Diese Teilmaßnahme dient der vollständigen Implementierung, Etablierung sowie der kontinuierlichen Weiterentwicklung und Anpassung eines Weiterbildungsmodells mit jährlich zwei bis drei zukunftweisenden Weiterbildungsangeboten, die zum Aufbau von innovationsfördernden Kompetenzen in der Region führen. Im Zentrum sollen dabei in der Endausbaustufe etwa 20 Qualifikationsprogramme (Master- oder Zertifikatskurse) für Fach- und Führungskräfte stehen, die durch die damit einhergehende dauerhafte Steigerung des Humankapitals die Absorptionsfähigkeit und somit die Innovationsfähigkeit der regionalen Unternehmen, öffentlichen Organisationen und Non-Profit-Oganizations erhöhen sollen. Der Ausbau eines konsistenten Weiterbildungsmodells ist somit die konsequente Umsetzung der strategischen Entscheidung, den Bereich Lebenslanges Lernen und Transfer als gleichberechtigten Eckpfeiler neben Forschung und grundständiger Lehre an der Universität zu etablieren.

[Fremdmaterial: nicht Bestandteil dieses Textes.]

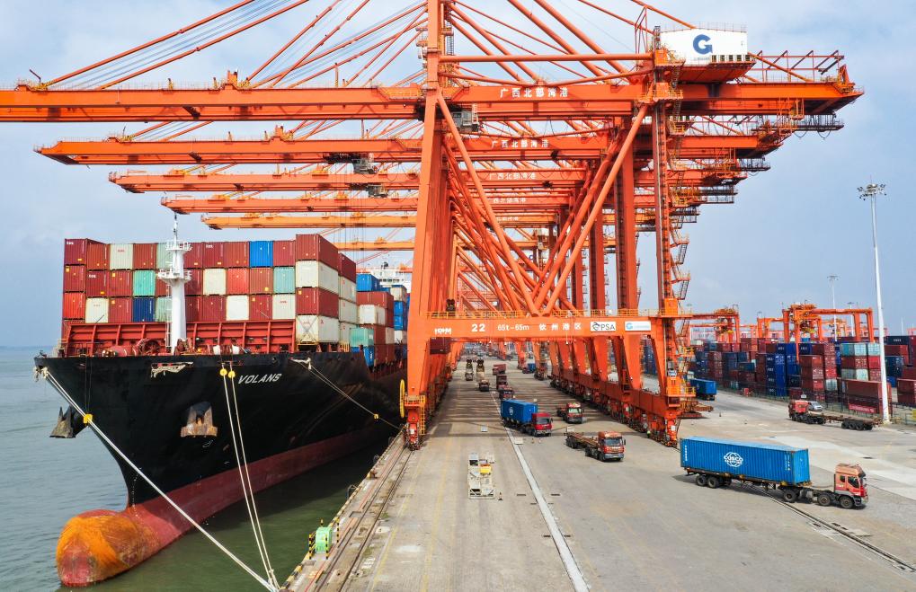 广西北部湾港钦州港区码头,吊车为货轮卸载集装箱。

Schon heute zeichnet sich die Universität insbesondere durch die vielfältigen Aktivitäten der Mitarbeiterinnen und Mitarbeiter als transferorientierte
Hochschule aus. Das integrierte Weiterbildungsmodell als Kernelement der
neuen Professional School stärkt diese praxisnahe Universitätsausrichtung entscheidend und macht einen bedeutenden Schritt zur Institutionalisierung der Idee des Lebenslangen Lernens aus.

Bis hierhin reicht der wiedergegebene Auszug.